- _Aim of the task_:
Each line below from the "Вся прелесть нашей" line through the "뭔가 좋은 걸 더 포함시키고" line, those two included, must be restated word for word; the pictures must not be.

- _Raw data_:
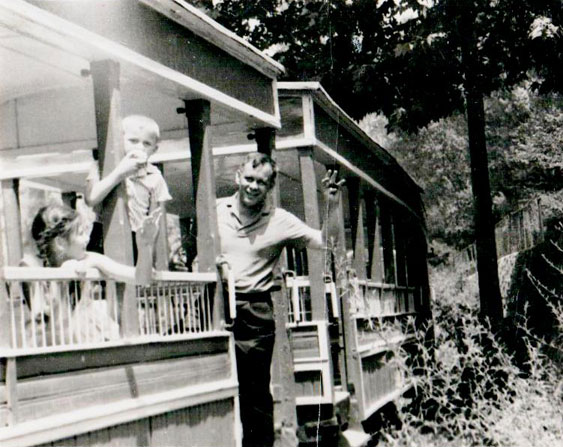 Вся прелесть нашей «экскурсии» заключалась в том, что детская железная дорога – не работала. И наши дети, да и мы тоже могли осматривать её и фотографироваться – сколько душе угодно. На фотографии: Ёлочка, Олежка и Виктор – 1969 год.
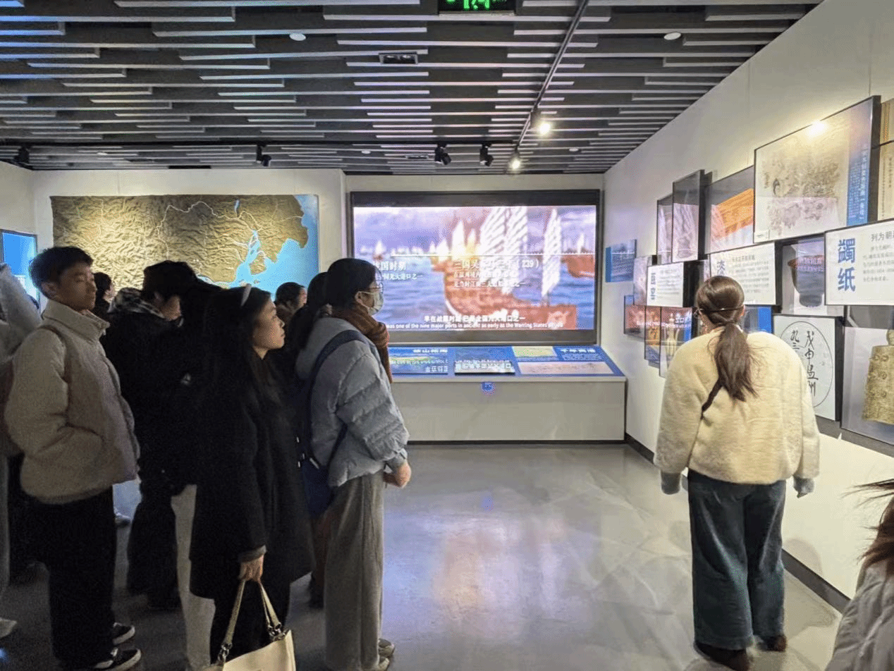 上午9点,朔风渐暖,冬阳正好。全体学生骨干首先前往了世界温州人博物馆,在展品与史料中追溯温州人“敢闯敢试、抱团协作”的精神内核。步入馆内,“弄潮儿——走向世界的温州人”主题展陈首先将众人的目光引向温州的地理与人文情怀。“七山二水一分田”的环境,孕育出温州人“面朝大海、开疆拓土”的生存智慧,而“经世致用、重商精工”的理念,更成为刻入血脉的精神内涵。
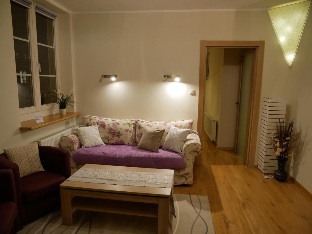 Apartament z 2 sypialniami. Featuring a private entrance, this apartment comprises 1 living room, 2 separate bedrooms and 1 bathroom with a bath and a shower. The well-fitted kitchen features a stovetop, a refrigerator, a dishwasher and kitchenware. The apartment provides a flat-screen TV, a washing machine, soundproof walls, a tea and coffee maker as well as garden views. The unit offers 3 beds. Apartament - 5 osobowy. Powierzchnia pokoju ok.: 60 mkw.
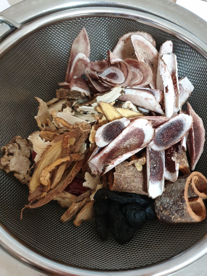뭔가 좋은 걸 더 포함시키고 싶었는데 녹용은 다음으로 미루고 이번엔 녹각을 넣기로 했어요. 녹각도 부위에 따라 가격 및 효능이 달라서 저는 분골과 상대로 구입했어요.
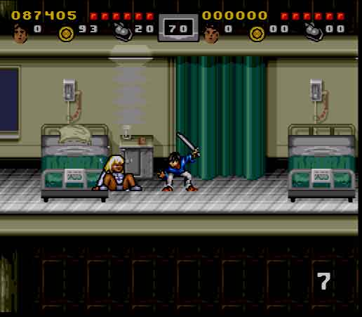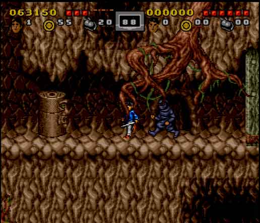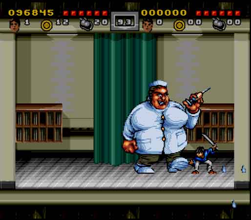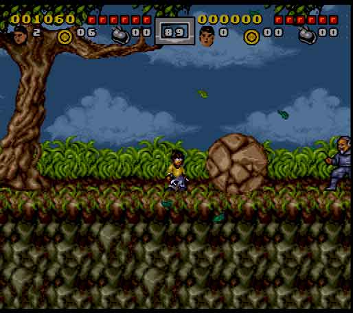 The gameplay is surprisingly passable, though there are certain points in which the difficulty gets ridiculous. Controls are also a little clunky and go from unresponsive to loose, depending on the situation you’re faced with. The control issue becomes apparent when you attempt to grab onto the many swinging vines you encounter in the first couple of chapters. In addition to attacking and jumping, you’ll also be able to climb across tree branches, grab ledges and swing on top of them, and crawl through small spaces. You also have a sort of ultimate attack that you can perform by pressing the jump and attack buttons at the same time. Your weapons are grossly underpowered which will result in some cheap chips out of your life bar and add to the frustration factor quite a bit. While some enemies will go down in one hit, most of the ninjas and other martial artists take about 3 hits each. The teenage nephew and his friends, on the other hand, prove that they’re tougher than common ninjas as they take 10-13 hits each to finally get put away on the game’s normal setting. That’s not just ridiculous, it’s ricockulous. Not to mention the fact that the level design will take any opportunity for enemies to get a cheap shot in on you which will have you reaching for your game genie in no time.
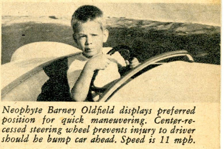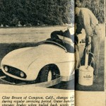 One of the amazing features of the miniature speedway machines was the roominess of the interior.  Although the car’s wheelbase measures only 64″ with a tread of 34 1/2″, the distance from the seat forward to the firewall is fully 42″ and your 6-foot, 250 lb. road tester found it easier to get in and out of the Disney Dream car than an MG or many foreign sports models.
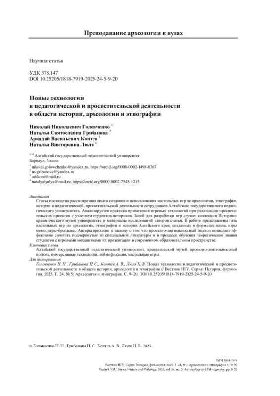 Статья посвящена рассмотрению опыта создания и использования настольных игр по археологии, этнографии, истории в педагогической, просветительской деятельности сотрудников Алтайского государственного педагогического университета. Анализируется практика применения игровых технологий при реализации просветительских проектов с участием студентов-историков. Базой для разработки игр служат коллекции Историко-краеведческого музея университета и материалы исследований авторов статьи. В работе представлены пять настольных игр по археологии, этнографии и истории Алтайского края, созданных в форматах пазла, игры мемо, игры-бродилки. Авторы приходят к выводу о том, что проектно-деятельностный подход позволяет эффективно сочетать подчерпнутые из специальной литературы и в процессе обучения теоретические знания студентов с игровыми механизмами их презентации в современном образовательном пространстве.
--
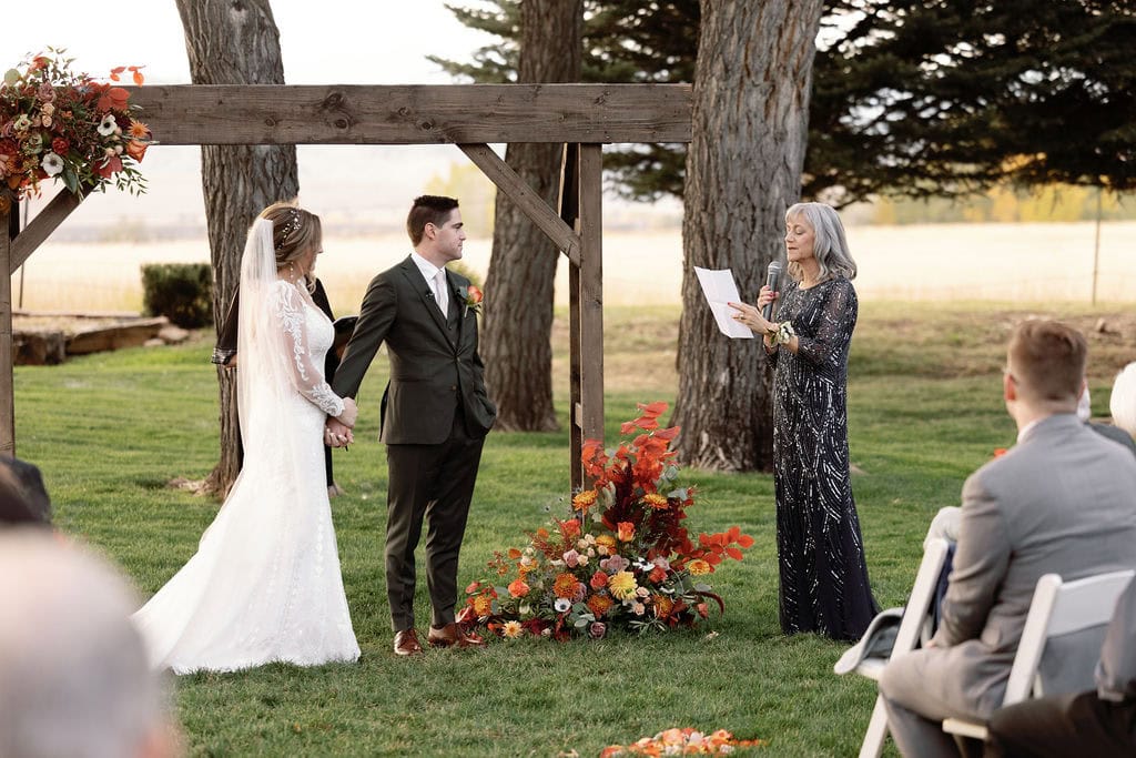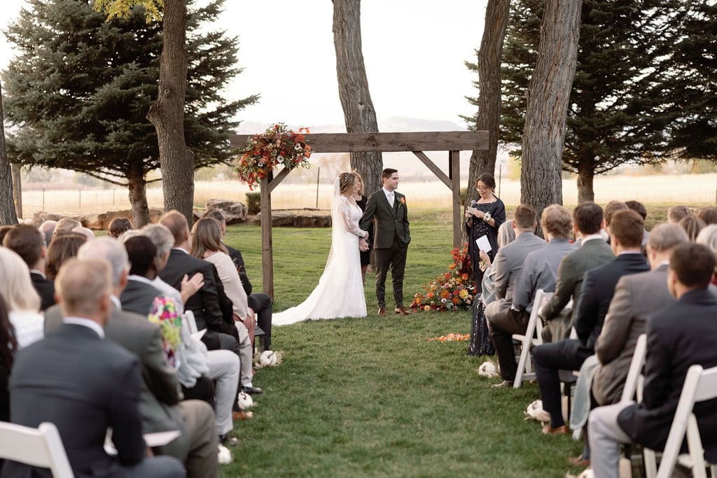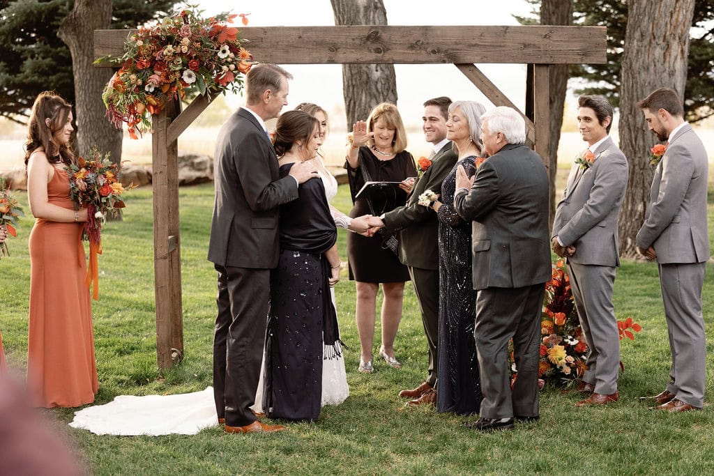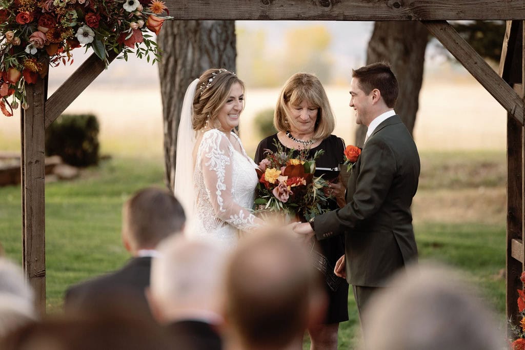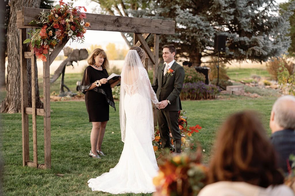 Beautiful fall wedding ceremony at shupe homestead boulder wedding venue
--
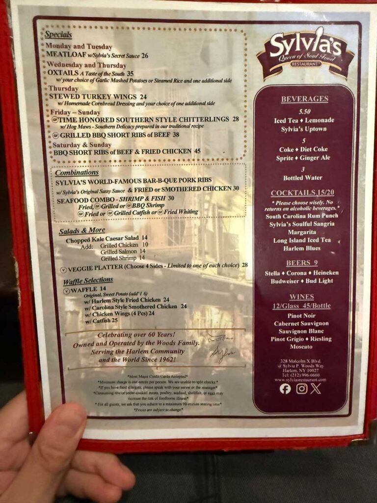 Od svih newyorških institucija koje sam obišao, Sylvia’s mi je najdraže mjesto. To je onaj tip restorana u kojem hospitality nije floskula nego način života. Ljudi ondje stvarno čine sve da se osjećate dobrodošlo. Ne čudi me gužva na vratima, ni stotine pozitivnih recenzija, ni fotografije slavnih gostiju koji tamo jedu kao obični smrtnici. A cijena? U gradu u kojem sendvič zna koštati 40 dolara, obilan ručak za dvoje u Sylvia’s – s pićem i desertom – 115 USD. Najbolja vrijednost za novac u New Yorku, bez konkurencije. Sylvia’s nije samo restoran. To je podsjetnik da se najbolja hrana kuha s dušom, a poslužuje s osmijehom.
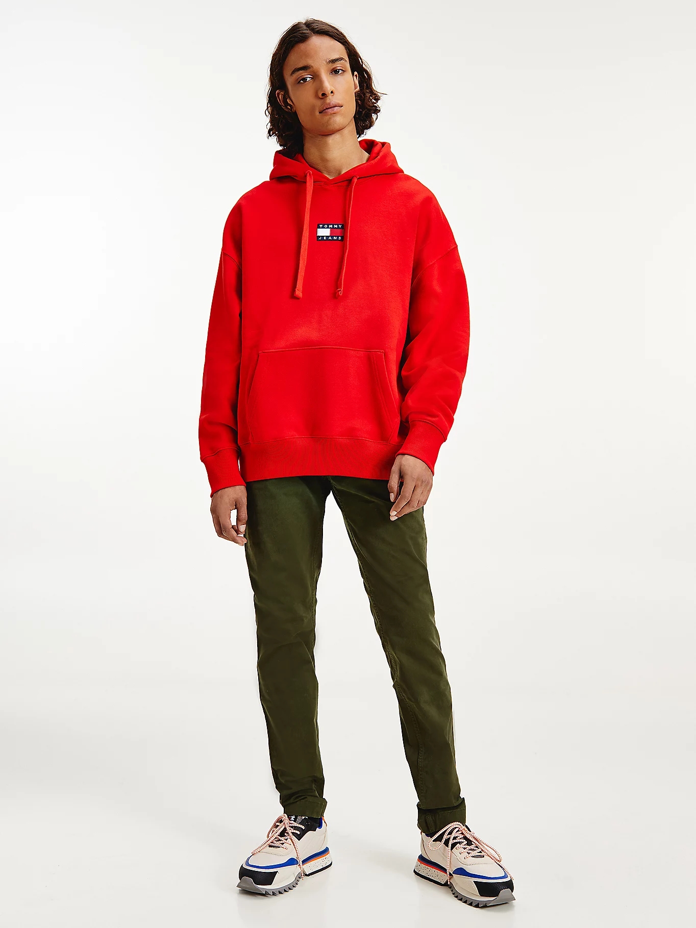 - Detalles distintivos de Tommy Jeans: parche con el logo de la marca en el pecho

- _Task response_:
 Вся прелесть нашей «экскурсии» заключалась в том, что детская железная дорога – не работала. И наши дети, да и мы тоже могли осматривать её и фотографироваться – сколько душе угодно. На фотографии: Ёлочка, Олежка и Виктор – 1969 год.
 上午9点,朔风渐暖,冬阳正好。全体学生骨干首先前往了世界温州人博物馆,在展品与史料中追溯温州人“敢闯敢试、抱团协作”的精神内核。步入馆内,“弄潮儿——走向世界的温州人”主题展陈首先将众人的目光引向温州的地理与人文情怀。“七山二水一分田”的环境,孕育出温州人“面朝大海、开疆拓土”的生存智慧,而“经世致用、重商精工”的理念,更成为刻入血脉的精神内涵。
 Apartament z 2 sypialniami. Featuring a private entrance, this apartment comprises 1 living room, 2 separate bedrooms and 1 bathroom with a bath and a shower. The well-fitted kitchen features a stovetop, a refrigerator, a dishwasher and kitchenware. The apartment provides a flat-screen TV, a washing machine, soundproof walls, a tea and coffee maker as well as garden views. The unit offers 3 beds. Apartament - 5 osobowy. Powierzchnia pokoju ok.: 60 mkw.
뭔가 좋은 걸 더 포함시키고 싶었는데 녹용은 다음으로 미루고 이번엔 녹각을 넣기로 했어요. 녹각도 부위에 따라 가격 및 효능이 달라서 저는 분골과 상대로 구입했어요.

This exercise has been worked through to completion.